Шрифт:
Интервал:
Закладка:
Недовольство критиков было в каком-то смысле оправданно: ведь «Христос и Антихрист» представляет явный отход от реалистических традиций XIX века. Мережковский отказался от историцизма позитивистского толка и развития сюжета и персонажей в романе в пользу системы перекликающихся лейтмотивов и типов персонажей, повторяющихся в трилогии. Масштабные различия во времени и месте действия романов становятся, таким образом, малозначимыми, так как общность эпох подчеркивается сильнее, чем различия определенных периодов, а цикличность преобладает над историческим прогрессом благодаря повторению определенных тем в каждом из романов[95]. В соответствии с их, в сущности, вневременным характером персонажи трилогии выражали философские взгляды намного более современные, чем они сами. Император IV века Юлиан, как отметили критики, стал у Мережковского фигурой явно ницшеанского толка[96]. А многие персонажи эпохи Возрождения как будто явились из литературных салонов эпохи fin-de-siecle [Панченко 1990: 635]. В отличие от сложных психологических портретов, которыми читатель наслаждается в произведениях Достоевского или Льва Толстого, в романах Мережковского герои не так хорошо развиты – Андрей Белый писал, что они интересны только как символы, а не независимые личности [Белый 1908: 80][97]. Более того, некоторые из этих персонажей имели схожесть с декадентами рубежа веков. Мережковский порвал с реалистической традицией, используя роман как платформу для обсуждения современных социально-экономических условий, тем самым завоевав репутацию, на самом деле не совсем справедливую, поборника идеи «искусства ради искусства»[98]. В стилистическом и тематическом аспекте романы трилогии «Христос и Антихрист» опираются на последние открытия французских символистов и археологических раскопок Древнего Рима, давая голос новой, «опасной» философии Фридриха Ницше и питая художественные дебаты современников. Таким образом, они иллюстрируют присущую романистике открытую концовку, которая, по мнению М. М. Бахтина, происходит из связи романа с современной реальностью, также находящейся в процессе формирования. «Только становящийся сам может понять становление» [Бахтин 1975: 451]. Для тех, кто не желал отказаться от социально направленного реалистического романа, этот процесс не был привлекателен, а Мережковский, провозглашавший новую русскую эстетику, был признан ущербным.

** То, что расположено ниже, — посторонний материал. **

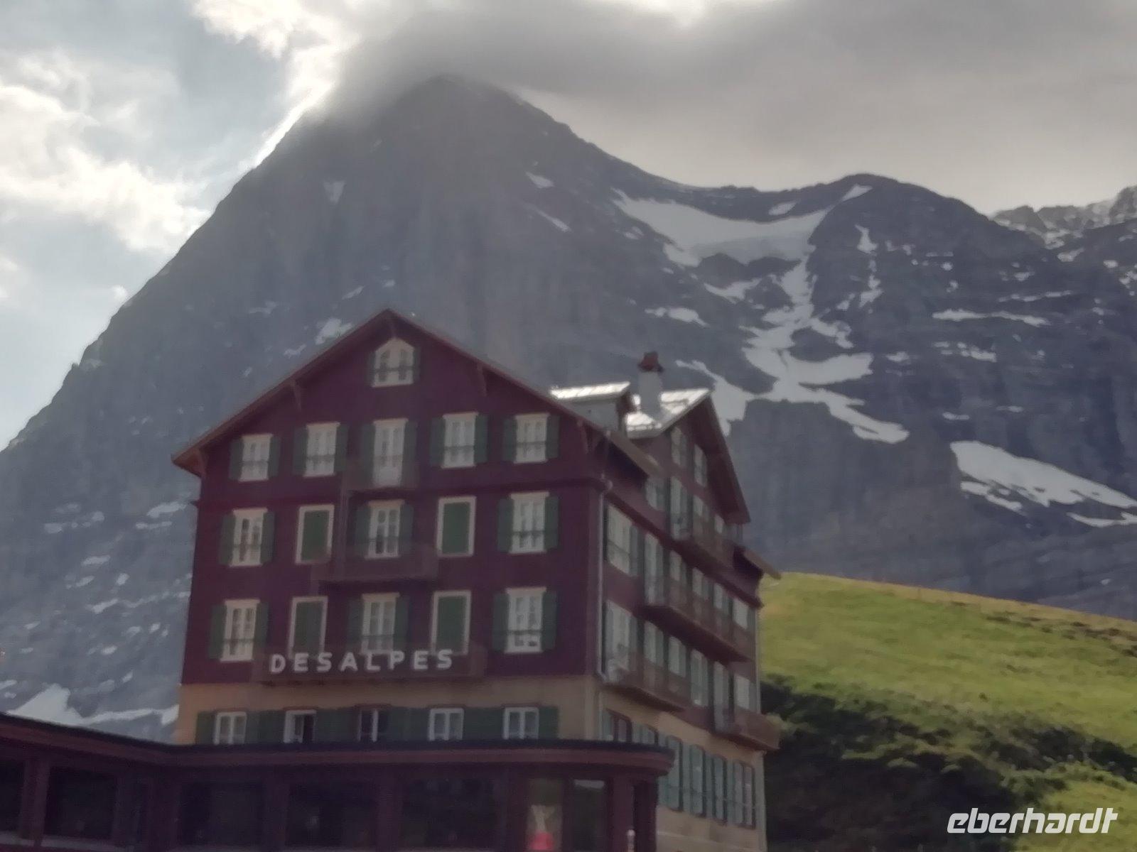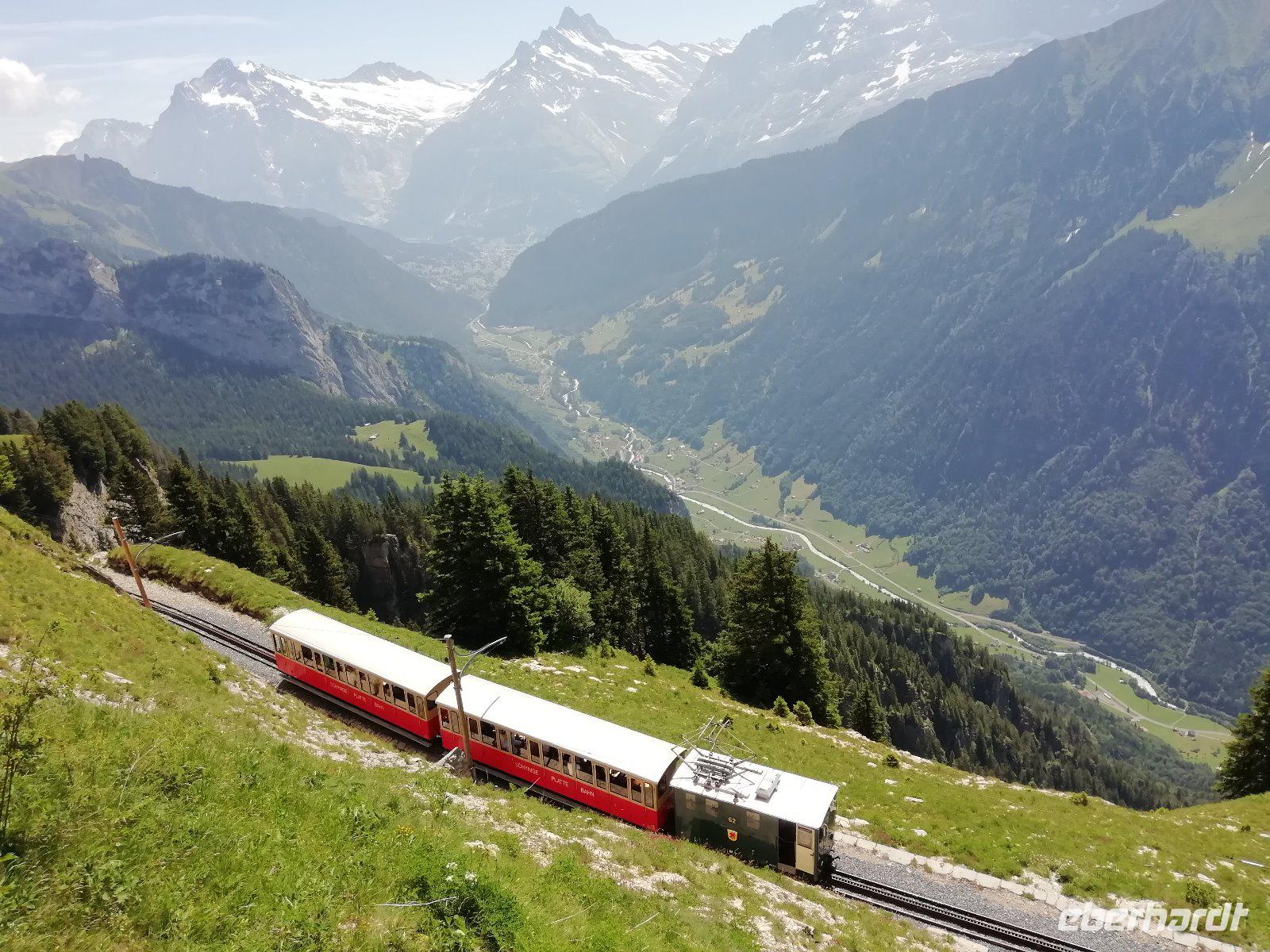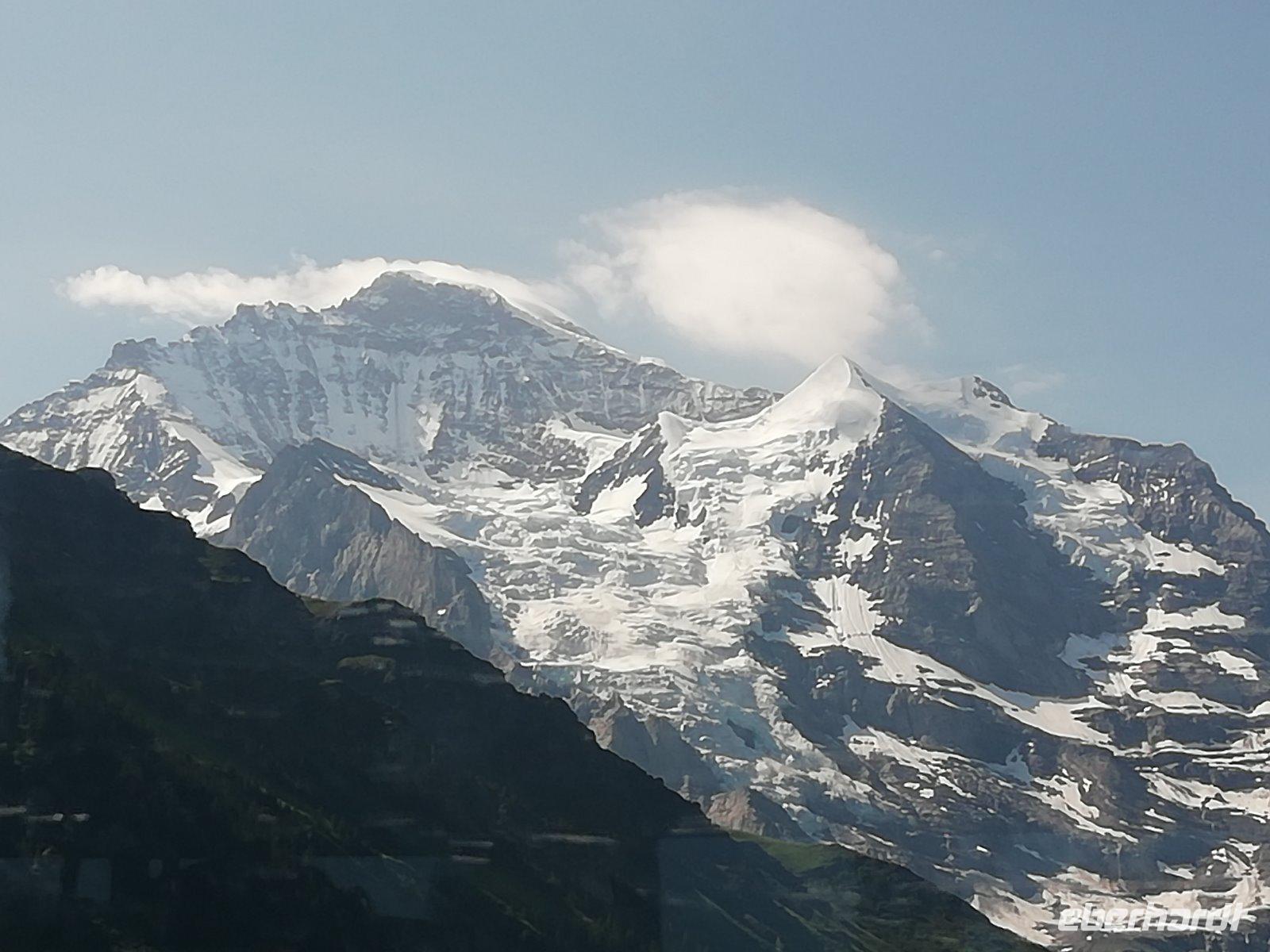 Schnell sind die Stunden auf dem Jungfraujoch vergangen. Die Jungfraubahn bringt uns wieder zur Station Kleine Scheidegg. Wir sehen, wie sich eine dicke Wolke an der Eigernordwand festkrallt. Weiter fahren wir dann mit der Wengernalpbahn zurück zum Hotel.
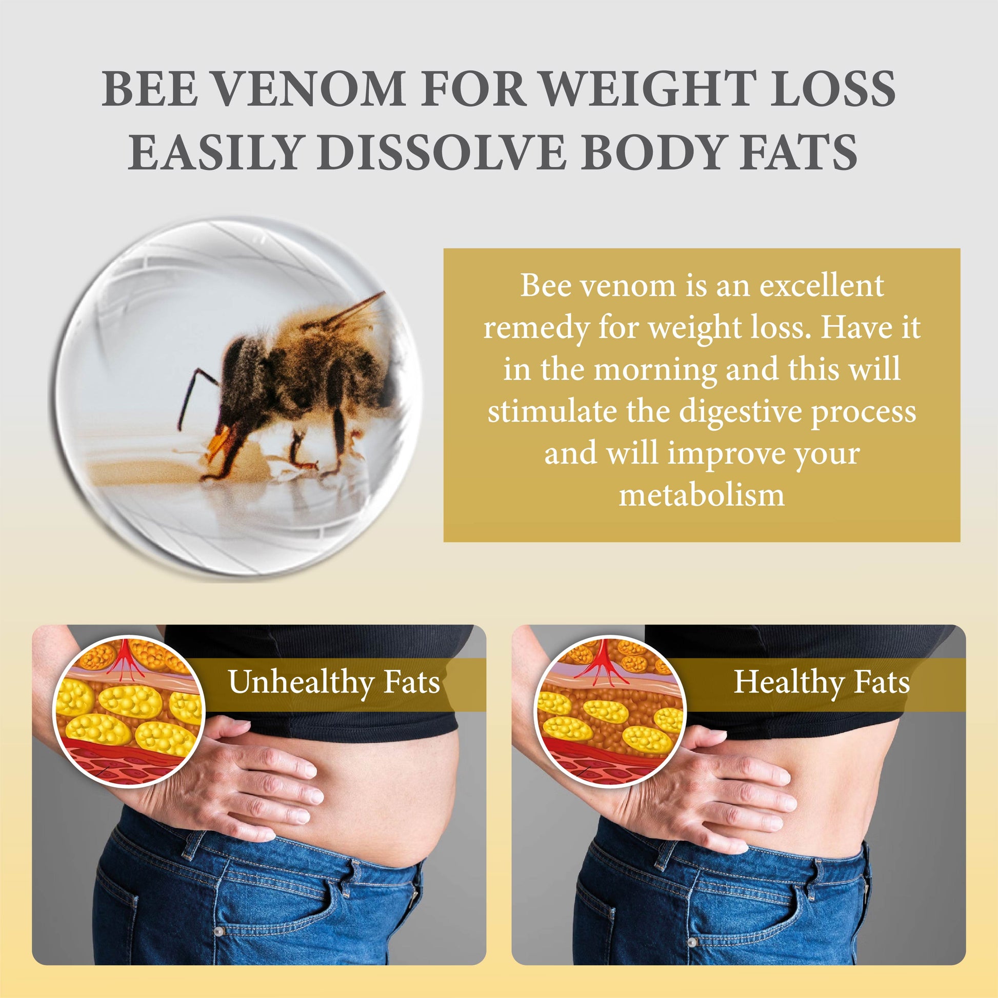 Bee Venom Peptide helps inhibit the growth of unwanted cells, promoting a healthier body composition. Its unique properties support natural contouring and enhance overall skin firmness.
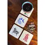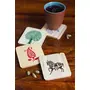 "IVEI - ""I Value Every Idea"" is a society working towards the upliftment of artisans in Sitapur Uttar Pradesh. We work towards a long term aim of providing employment and sustainable living solutions to the people here. Our designers work with rural artisans to create well designed high quality utility products for home and office ideal for both gifting and personal use. Handicrafts of Uttar Pradesh is a group of handicraft lovers from Uttar Pradesh working towards promotion of arts and artisans. This range of products is created in collaboration with them and SAFAR and all funds from the profit of this collection would be donated to a women artisan based self-help group. A set of four wooden coasters made in high quality wood. The coasters are printed with designs inspired by the traditional Sanjhi art from Mathura. These make for a perfect thoughtful gift to your family and colleagues. These can be wiped clean with a wet cloth and can be occasionally washed too. Dimensions (in) : 3.25*3.25*.25 each"
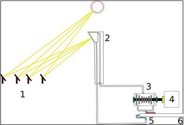 Keywords: Solartorre sincolor.svg es Esquema de una central termosolar de torre 1 heliostatos; 2 caldera; 3 turbina de vapor; 4 alternador; 5 condensador; 6 agua de refrigeración Sin colores 2013-11-07 Commons Derivate File Solartorre svg User MdeVicente other versions cc-zero Uploaded with UploadWizard Solar tower power plants
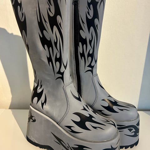 Sky Fairywalker blå holografiske platform sneakers fra Club Exx i størrelse US 9 (tilsvarer 39-40). Pent brukt, men bittelitt slitt på toppen (se nest siste bilde). Dette synes egentlig ikke. Jeg har selv satt på matchende perler på skolissene, men kan tas av om ønskelig.
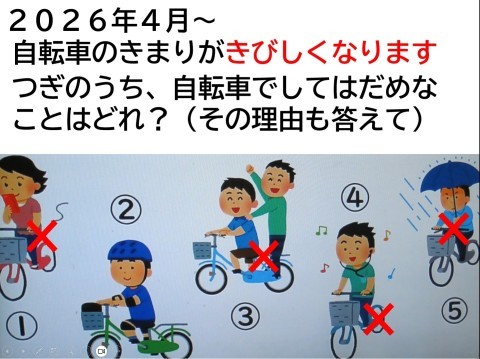 今日の全校朝会では、9月21日(日)から9月30日(火)まで行われている「令和7年度秋の全国交通安全運動」と来年4月から交通違反に対しての制度等の適用で厳しくなる自転車のきまり(ルール)について、生徒指導の岡田先生と代表委員の3名によるクイズ形式で確認しました。
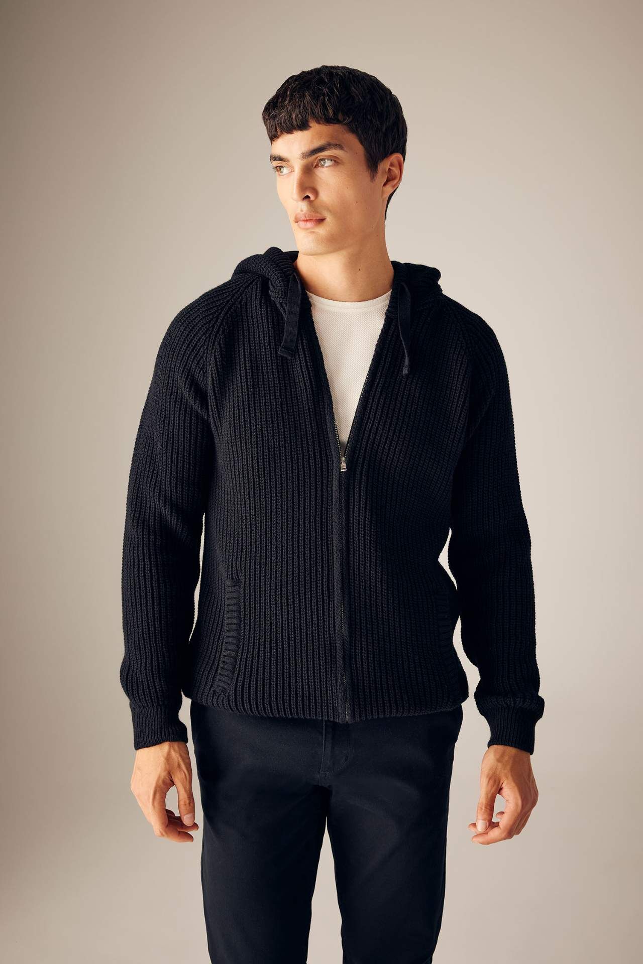 DeFacto Standart Fit Kapüşonlu Triko Hırka
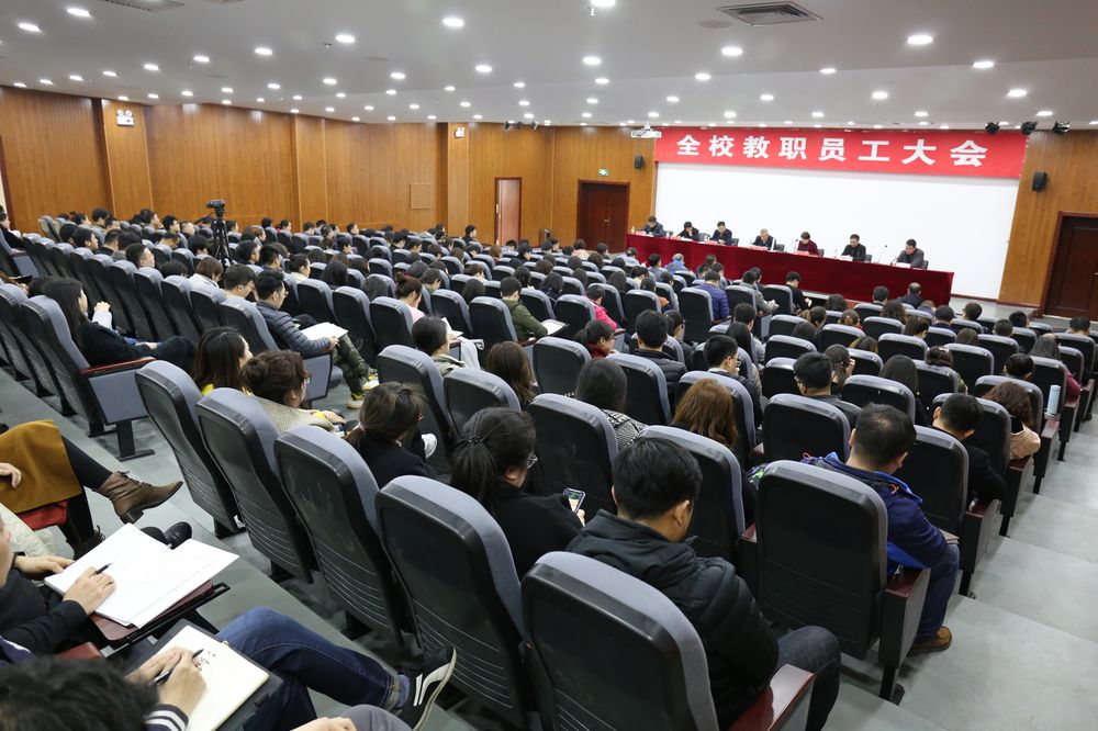 3月20日下午,我校在图书馆多功能报告厅召开了2019年春季学期全体教职员工大会。校领导杨化仁、王一女、张向东、王喜魁、张丽影、杨春光、高洪震出席大会并在主席台前就座;全校各单位、部门主要负责同志和教职员工共计300余人参加了本次大会。大会由副校长张向东主持。
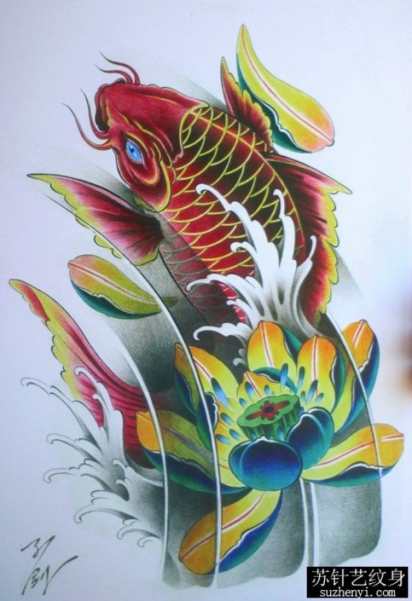 彩色鲤鱼莲花_鲤鱼纹身图案大全_纹身图吧

И все же Мережковский не совсем отвернулся от традиции XIX века. Притом что его романы демонстрировали отказ от гражданской литературы, он тем не менее был предан идее преобразования России через силу слова столь же глубоко, как и его предшественники из XIX века. В то время, когда Мережковский начал работать над трилогией, он верил, что Россия находится на ключевом этапе своего развития, ее граждане задыхаются под лавиной обесчеловечивающей индустриализации, урбанизации, марксистского материализма, а ее интеллигенция тоскует по духовности, которой так долго была лишена. Пройдя через стадии позитивизма, перемежаемого с христианской верой, а затем народничества, до того как повернуть в другом направлении под влиянием работ Ницше, а также Шарля Бодлера и Эдгара Аллана По, Мережковский сам олицетворял растерянность в выборе философии, которую считал характерной чертой своей эпохи. Он предложил противостоять этому недугу с помощью вдохновляющей идеи сочетания «двух правд», которая будет выдвигаться и иллюстрироваться в произведениях нового символистского направления. Первая из этих «правд» ассоциировалась в его представлении с Востоком, в особенности с Россией, и заключалась в обновлении христианской веры и самопожертвовании. Вторая состояла в «языческом» поклонении красоте, радости, знанию и силе, которые Мережковский связывал как с Западной Европой, так и, вслед за Ницше, с эллинистической Грецией и дохристианским Римом. Испытывая также влияние Владимира Соловьева, Мережковский верил, что Россия – царство Богочеловека, ведь Христос пришел на землю, чтобы стать человеком, а Россия еще не потеряла веру в Христа. Европа, напротив, была царством человекобога – того, кто надеется через красоту, мудрость и власть сравняться с Богом. Союз Христа и Антихриста или христианства и язычества стал для Мережковского способом отразить союз Востока, символизируемого русским православным Богочеловеком, и Запада, символизируемого западным языческим человекобогом[99].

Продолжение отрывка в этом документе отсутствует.